An Introduction To Wave Power

The Motivation Behind The Project


When Alexander Graham Bell invented the telephone in 1875, little could he have known of the dominance communications research would have over 20th century electronic engineering.  All research needs support and influence from the outside world and for communications systems there was no bigger driving force than the pursuit of military superiority.  By the time the century was over the biggest technological innovation of our time was with us - the internet - the result of increased military engineering research into robust communications during the cold war.

With this in mind then, anyone paying a visit to the MEng research poster presentations last week may have noticed that all is not what it used to be.  The 21st century has brought a new leading influence to engineering – a world energy crisis.  More than a quarter of the projects on display come under the category of energy research.  There were projects on energy efficient housing, safe disposal of radioactive waste and portable energy scavenging.  There were also two projects on renewable energy – one about wind turbines and another on wave energy converters (WECs).  If you came at the right time you would have seen my project team stood by the latter.


The Team At The Poster Presentations
The Team At The Poster Presentations


Given that world fossil fuel supplies will run out, despite the fact that no one can agree on when that will be, renewable energy’s only competition is with itself.   This could not have been made any clearer than when our poster was positioned six feet away from the one created by the wind energy team.  This leads to the big question for us to answer – why wave power?  Ultimately this will come down to the differences between wave energy and its major rivals – wind and solar.

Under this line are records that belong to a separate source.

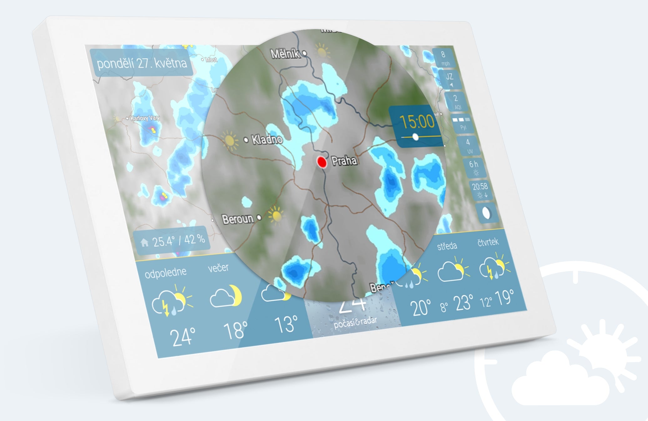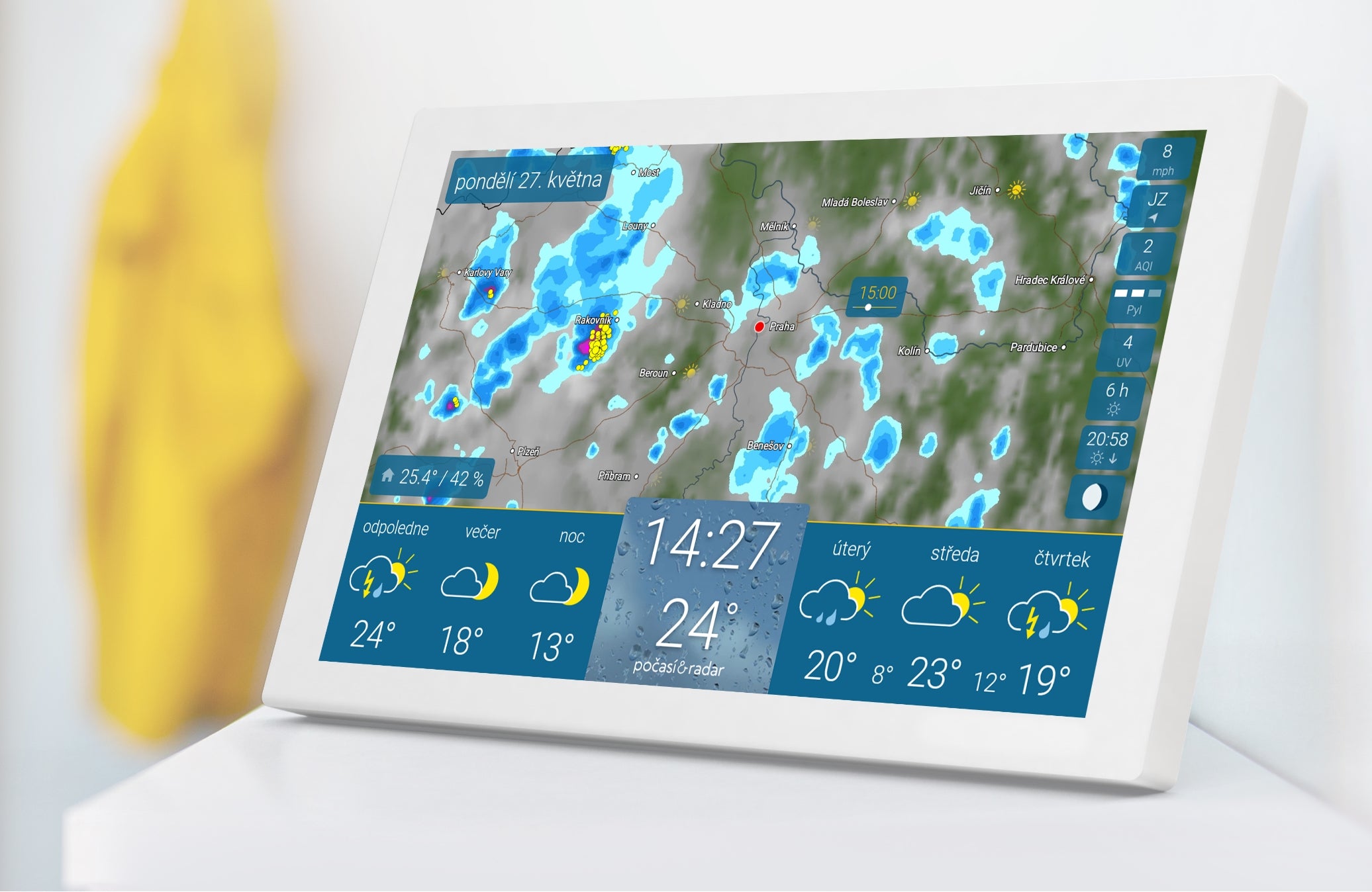 Meteodisplej počasí & radar home je více než jen meteostanice. Díky možnosti individuálního zobrazení, automatické aktualizaci údajů o počasí a updatu softwaru je jeho každodenní používání zcela pohodové. Počasí budete mít k dispozici na první pohled, což vám ulehčí plánování vašeho dne.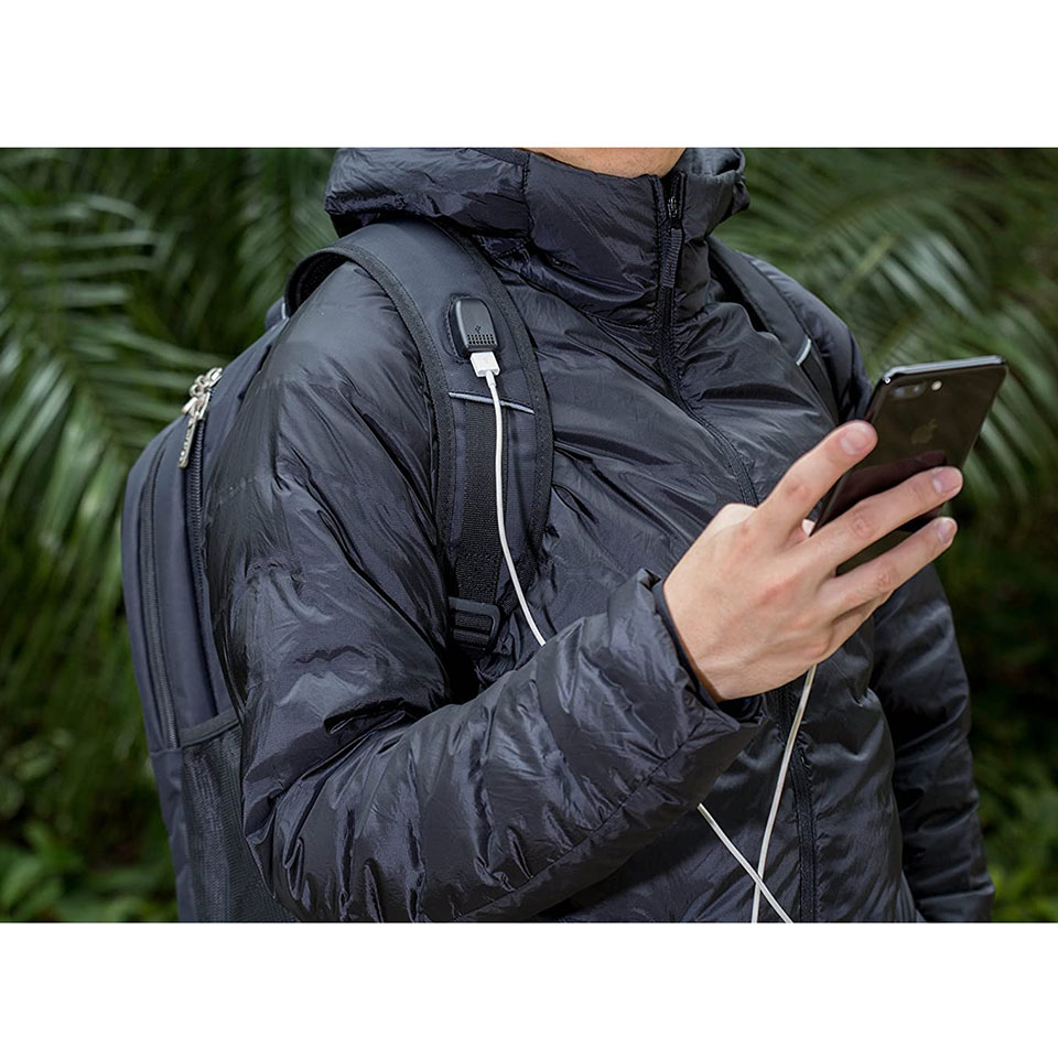 * There is a USB output port on the exterior of the backpack so you can easily charge your device without opening up the backpack.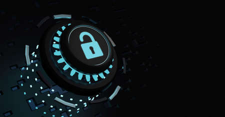Visionary cyber security encryption technology to protect data privacy . 3D rendering computer graphic .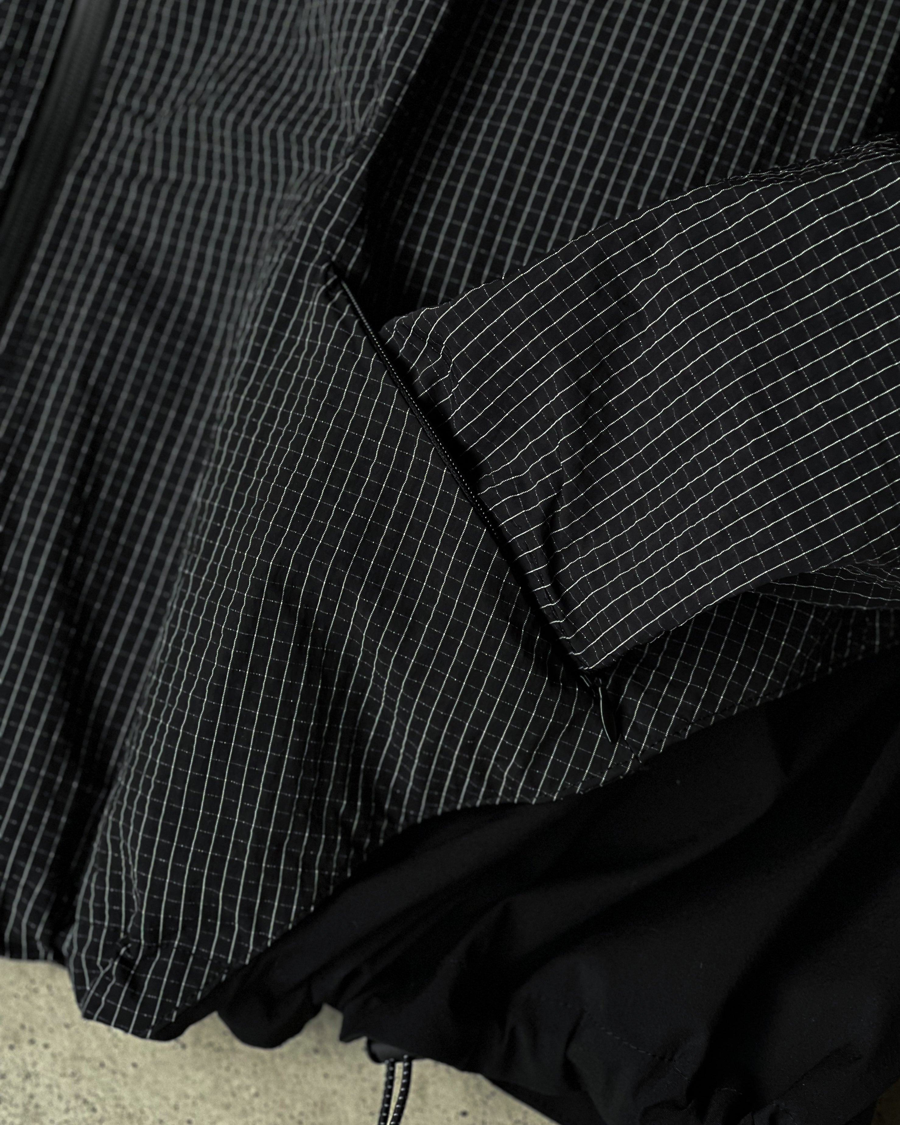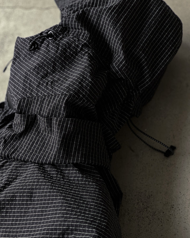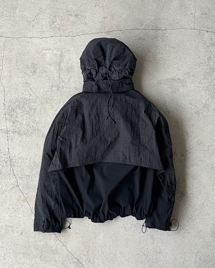 様々な位置についたドローコードやジップポケットでシルエットの変化、実用性の高さを感じていただけます。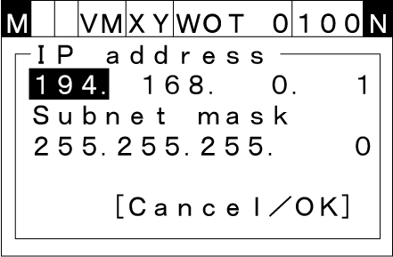 上下カーソルキーで、[IP address] を選択し[OK]を押すと、次のような [IPアドレスの数値入力画面] が表示されます。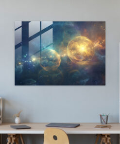 When metaphysical painting meets the transparency and luminosity of glass art, the result is truly mesmerizing. Our Metaphysical Glass Art prints are created using state-of-the-art UV printing technology, ensuring exceptional clarity and color vibrancy. The glass medium adds a unique depth and dimension to the artwork, allowing light to play across its surface and enhancing the overall visual impact.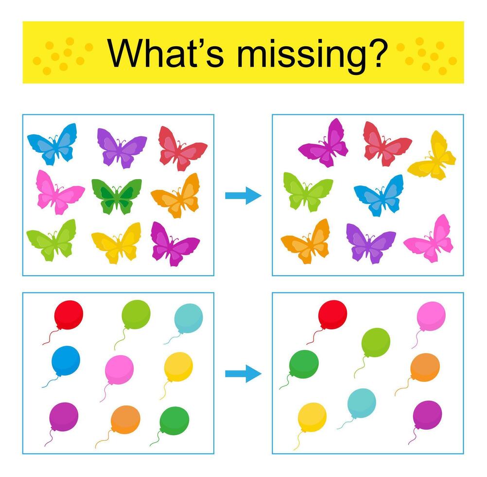 Puzzle game for kids. Task for the development of attention and logic. Find the missing balloon and, butterfly. Pro Vector
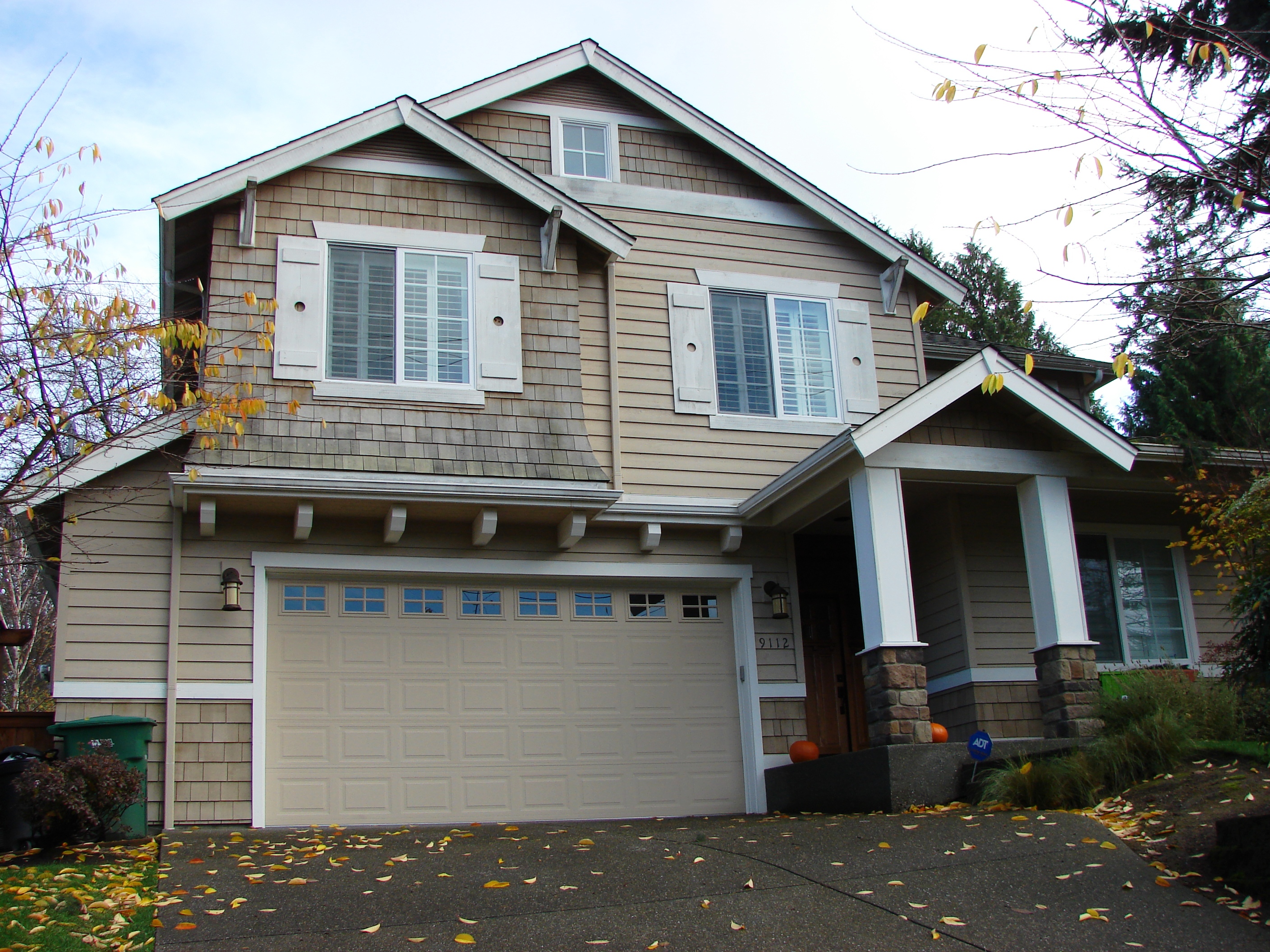 This 2008 house in Wedgwood seems to be trying to make as many cultural references as possible. The house has barge boards, knee braces under the eaves like a Craftsman house of the 1920’s, and (fake) exposed rafter tails coming out over the garage. The porch has a portico with columns and windows with munions and shutters which is a Colonial reference, and shingle-siding for Cape Cod is thrown in for good measure.

One important difference between wave power and its competition is the quantity of research pursued to date, and hence its scale of adoption by the market.  Wave energy was dealt a cruel blow in the 1980s which effectively halted research for almost 20 years.  Stephen Salter at the University of Edinburgh had developed ‘Salter’s Duck’, a WEC which could produce electricity from waves with around 80% efficiency.  Unfortunately an independent paper was published analysing the device which contained a calculation overestimating the cost of Salter’s renewable energy by a factor of ten.  This miscalculation went unnoticed until surprisingly recently, and cast a shadow over the whole project.  Then, on the 19th March 1982, Thatcher’s government met in secret, reportedly with members from the nuclear and fossil fuel industries, and the UK Wave Energy program was officially shut down.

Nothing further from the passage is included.